[Start of section]

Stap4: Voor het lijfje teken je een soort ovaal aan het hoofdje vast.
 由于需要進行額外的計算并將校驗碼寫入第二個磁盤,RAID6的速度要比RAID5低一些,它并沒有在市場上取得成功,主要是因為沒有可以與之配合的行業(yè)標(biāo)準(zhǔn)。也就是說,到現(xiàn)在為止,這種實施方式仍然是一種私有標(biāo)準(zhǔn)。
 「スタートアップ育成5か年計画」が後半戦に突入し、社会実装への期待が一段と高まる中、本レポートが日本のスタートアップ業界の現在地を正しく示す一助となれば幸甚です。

[End of section]
[Start of section]

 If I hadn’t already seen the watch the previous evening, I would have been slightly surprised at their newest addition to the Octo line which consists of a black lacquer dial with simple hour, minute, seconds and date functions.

[End of section]
[Start of section]

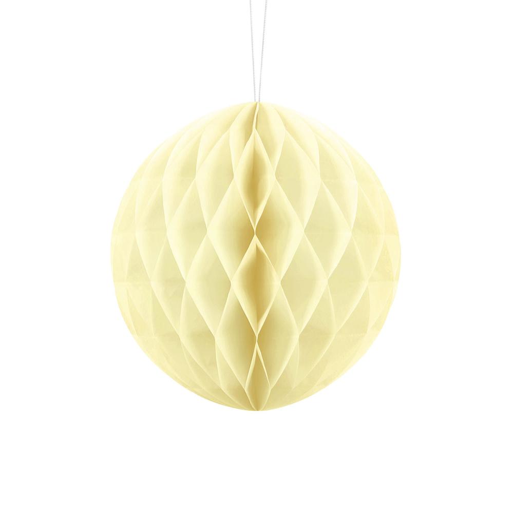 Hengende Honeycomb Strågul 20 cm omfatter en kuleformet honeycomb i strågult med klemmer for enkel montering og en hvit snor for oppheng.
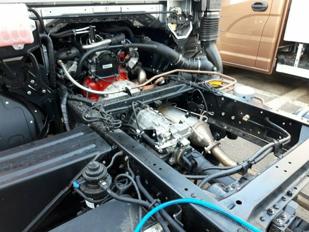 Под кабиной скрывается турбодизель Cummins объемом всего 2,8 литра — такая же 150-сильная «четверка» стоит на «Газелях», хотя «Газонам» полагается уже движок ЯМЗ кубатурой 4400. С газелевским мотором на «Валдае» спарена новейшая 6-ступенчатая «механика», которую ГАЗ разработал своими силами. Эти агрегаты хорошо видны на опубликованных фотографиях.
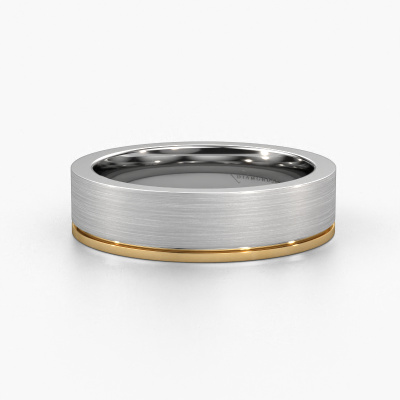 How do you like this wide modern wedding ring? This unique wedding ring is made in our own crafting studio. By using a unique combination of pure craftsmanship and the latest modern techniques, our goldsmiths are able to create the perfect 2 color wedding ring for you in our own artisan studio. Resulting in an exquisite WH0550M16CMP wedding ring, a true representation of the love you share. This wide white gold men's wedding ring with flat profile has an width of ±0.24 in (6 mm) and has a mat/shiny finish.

[End of section]

*Work instructions*:
Would you copy, unchanged, the stretch of the records above that begins at the line containing "Stap4: Voor het" and ends at the line containing "由于需要進行額外的計算并將校", and only that?

*Result below*:
Stap4: Voor het lijfje teken je een soort ovaal aan het hoofdje vast.
 由于需要進行額外的計算并將校驗碼寫入第二個磁盤,RAID6的速度要比RAID5低一些,它并沒有在市場上取得成功,主要是因為沒有可以與之配合的行業(yè)標(biāo)準(zhǔn)。也就是說,到現(xiàn)在為止,這種實施方式仍然是一種私有標(biāo)準(zhǔn)。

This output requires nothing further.